━━ The data ━━

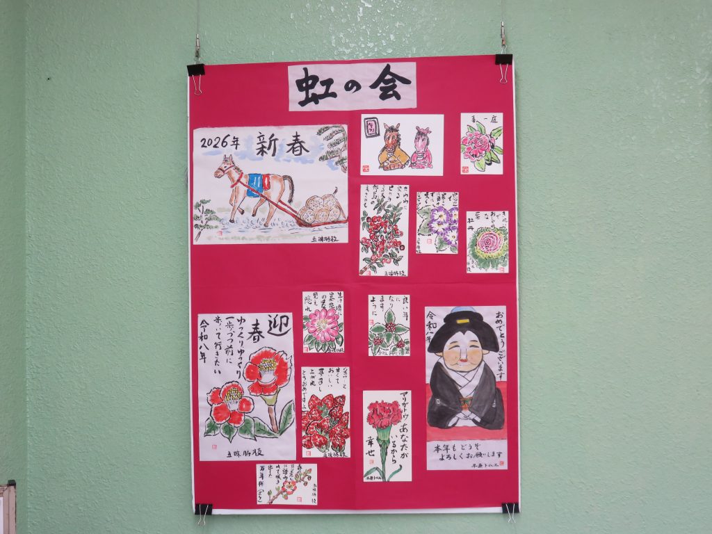 本日、1階ギャラリーにて、虹の会による「新春の絵手紙展」の作品が展示されました。
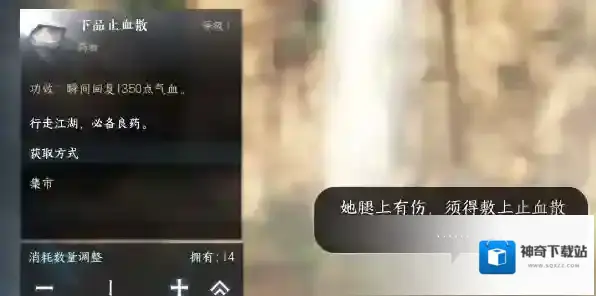 2、然后我们会在瀑布下面找到叶雪青,进行对话后,我们需要出示止血散;
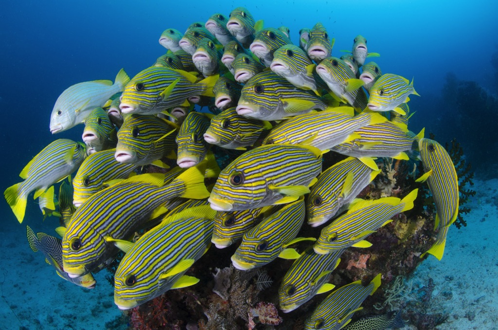 Thế nhưng, bốn hòn đảo nổi tiếng đó quả thực chỉ mới là điểm đầu trong chuỗi hành trình khám phá và thám hiểm thiên nhiên kỳ vĩ của Raja Ampat. Nằm ở khu vực Tam giác san hô (gồm Indonesia, Malaysia, Philippines, Papua New Guinea, quần đảo Solomon và Đông Timor), Raja Ampat có nền đa dạng sinh học biển lớn nhất thế giới. Với hơn 1.300 loài cá rực rỡ màu sắc, hơn 700 loài động vật thân mềm, thảm san hô rộng 180.000km2, Raja Ampat được mệnh danh là “Amazon trong lòng đại dương”. Nước biển ở vùng Raja Ampat ấm áp đến khó tin, với nhiệt độ trung bình khoảng 28 – 30oC. Bức tranh thiên nhiên nơi đây còn được chấm phá bằng hình ảnh những đầm phá xanh biếc, rừng ngập mặn và rừng nguyên sinh.

━━━

_Exercise objective_
What is needed is an exact reproduction of the data, pictures excluded.

_Your response_
 本日、1階ギャラリーにて、虹の会による「新春の絵手紙展」の作品が展示されました。
 2、然后我们会在瀑布下面找到叶雪青,进行对话后,我们需要出示止血散;
 Thế nhưng, bốn hòn đảo nổi tiếng đó quả thực chỉ mới là điểm đầu trong chuỗi hành trình khám phá và thám hiểm thiên nhiên kỳ vĩ của Raja Ampat. Nằm ở khu vực Tam giác san hô (gồm Indonesia, Malaysia, Philippines, Papua New Guinea, quần đảo Solomon và Đông Timor), Raja Ampat có nền đa dạng sinh học biển lớn nhất thế giới. Với hơn 1.300 loài cá rực rỡ màu sắc, hơn 700 loài động vật thân mềm, thảm san hô rộng 180.000km2, Raja Ampat được mệnh danh là “Amazon trong lòng đại dương”. Nước biển ở vùng Raja Ampat ấm áp đến khó tin, với nhiệt độ trung bình khoảng 28 – 30oC. Bức tranh thiên nhiên nơi đây còn được chấm phá bằng hình ảnh những đầm phá xanh biếc, rừng ngập mặn và rừng nguyên sinh.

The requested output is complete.